The decline in credit growth for small and micro industry segment has been more severe in May as compared to April. The medium and large industries have a higher growth in May as compared to April. So the small and micro industry sector which is one of the most people intensive sectors does not show a credit uptake at least till May. During mid of May, a host of credit schemes targeting this sector has been announced by the government. It remains to be seen how this will impact in the month of June.
CAR and TWO WHEELER SALES
Month of June has seen a significant growth in both car and two wheeler sales as compared to the previous month. This is a reflection of the fact that there has been significant surge in economic activity after unlock 1 starting from June, 1st. However the sales numbers of both cars and two wheeler has been significantly lower when compared to the same month previous year.
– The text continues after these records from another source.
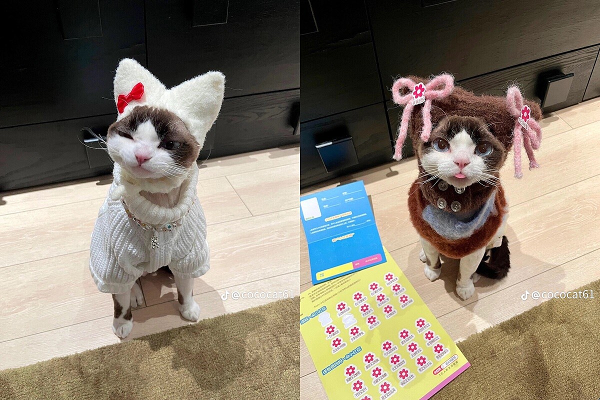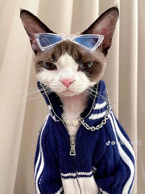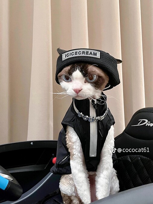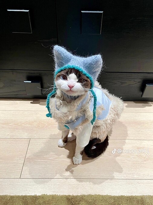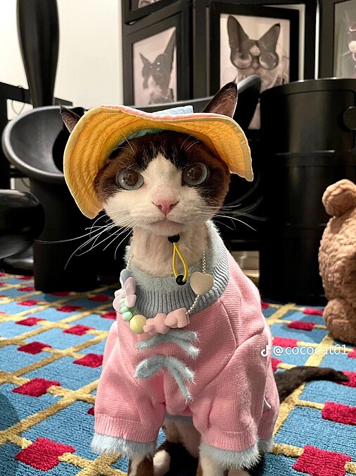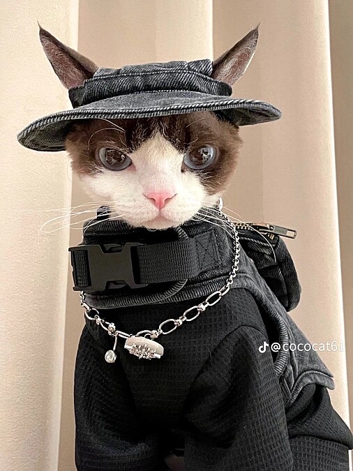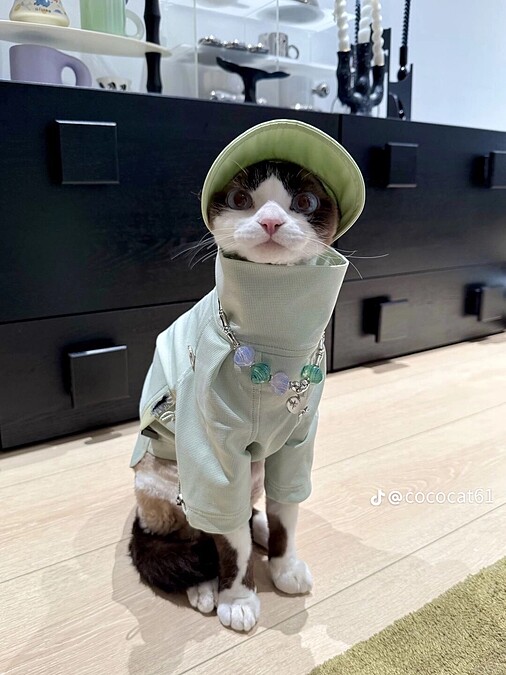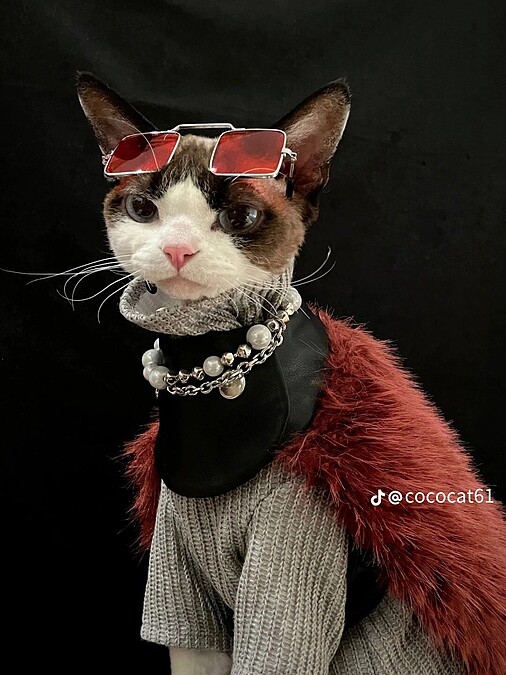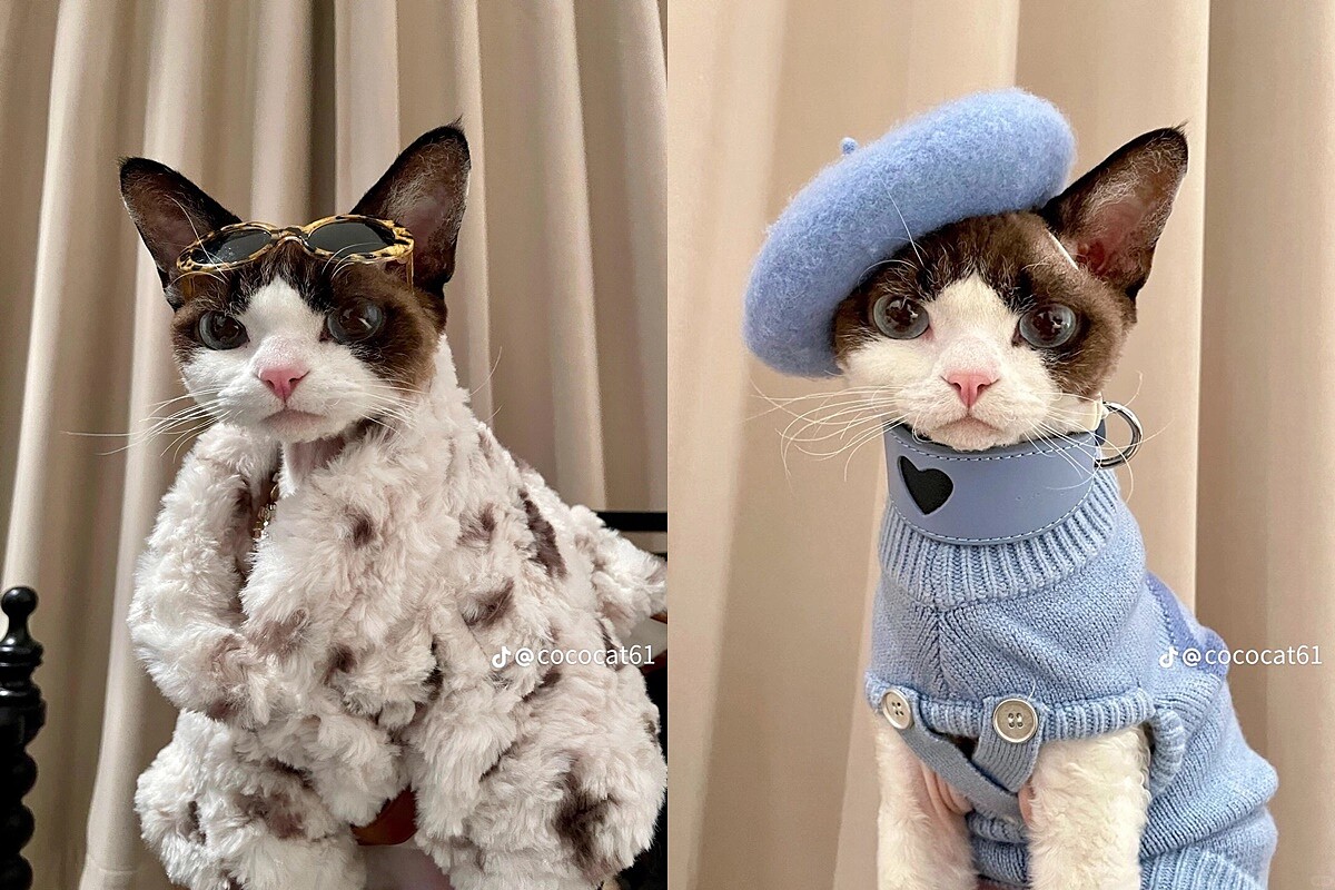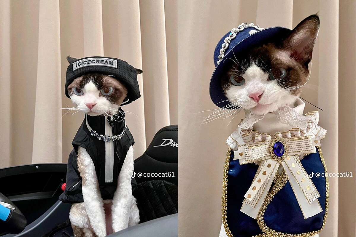 現代人養寵物甚至比養自己還用心,不僅是在伙食上毫不手軟,許多人更喜歡為毛孩準備各式各樣的華服美衣,在TikTok上就有一隻時尚小貓吸引編輯注意,由帳號@cococat61經營的版面上有隻叫做Coco的小貓,是一隻德文捲毛貓,招牌的捲捲毛配上藍眼睛和小臉、大耳朵,像小精靈一樣充滿靈氣,光是這高顏值臉蛋就已經夠萌了,他的主人更把他打扮成一隻時髦小貓!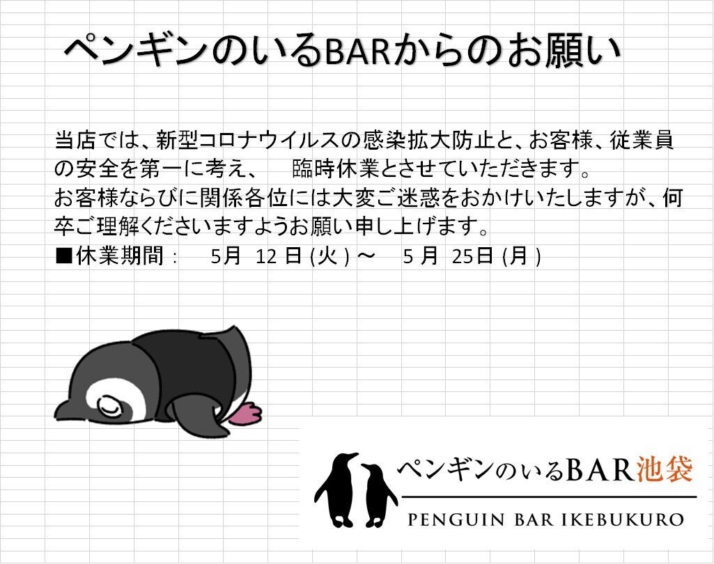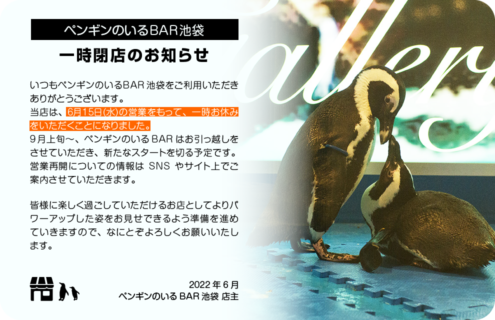 2022/06/02 17:17【ご報告】この度誠に勝手ながらペンギンのいるBAR池袋は6/15をもって一時閉店となります。急なお知らせとなってしまい大変申し訳ございません。9月頃に場所を移転しまして心機一転リニューアルオープンとなります。その為に工事期間の営業はございません。新たな場所は追ってご報告いたします。なお、ペンギンさんたちは縁ある水族館のほうで一時預かっていただきますのでご安心ください。これを機会に、ペンギンさん、社員一同一層専念いたしますので、今後とも変わらぬご愛顧を賜りますようお願い申し上げます。リターンにつきましては新店舗の方でもできる限りの対応をさせていただきますので引き続きよろしくお願いいたします。質問等ございましたら info@penginbar.jp もしくはキャンプファイヤーのメッセージまでよろしくお願いいたします。ペンギンのいるBAR池袋 店長 もっと見る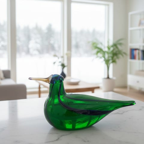 Toikan lasilintu, valmistettu Nuutajärvellä.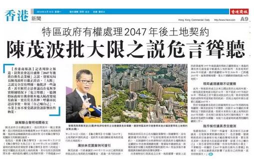 针对香港社会近日盛传“2047年后将自动失去业权”之说,陈茂波昨日发表网志严正澄清,“大限”之说完全没有理据。他批评一些论者甚至候任立法会议员,在毫无事实根据情况下“危言耸听”,臆测特区政府日后会根本地大幅改变现有政策,实在“莫名其妙”。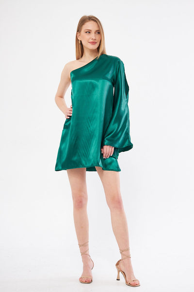 Adiva Zümrüt Yeşili Tek Kol Kloş Kadın Elbise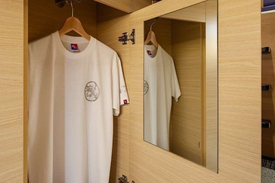 5階・6階とそれぞれの階に2室ずつ、腰掛け椅子が設置されたシャワールームが完備されています。また、キャビンや2・3人用ジャパニーズスタイルのお部屋がある階(3階~6階)には、化粧水や乳液、クレンジングなどが揃ったパウダールームもあります。

So while there is signs of recovery in the month of June as compared to the previous two months, it is still much lesser than the pre-corona level. It needs to be noted here that both the car sales and two wheeler sales declined in previous financial year as compared to the earlier years. This year it shows further decline.
The IIP figures and the credit growth numbers suggest slump in the manufacturing sector and small and micro enterprises. Both these sectors are people intensive sectors and can have severe impact on unemployment levels. However agriculture sector has been functioning. Moreover additional budget has been allocated to MGNREGA for ensuring more employment, Let us see what has been the impact of unemployment trends.
The unemployment rates had seen a record increase in the month of April and May. However with the unlock 1 starting from June, 1st, there has been a significant decline in unemployment rate in the month of June, 2020. However the unemployment rates of June still remain higher when compared with the unemployment rates for the same month in 2019.
It needs to be noted here that the unemployment levels in the pre-corona level has itself been in the higher side. The overall unemployment rate which stood at 2.3% in 2011-12 showed a record increase to 6.1% in 2017-18, highest in 45 years. This showed a marginal decline to 5.8% in 2018-19. So overall the unemployment rate which has been in a higher side sees a further growth given this pandemic.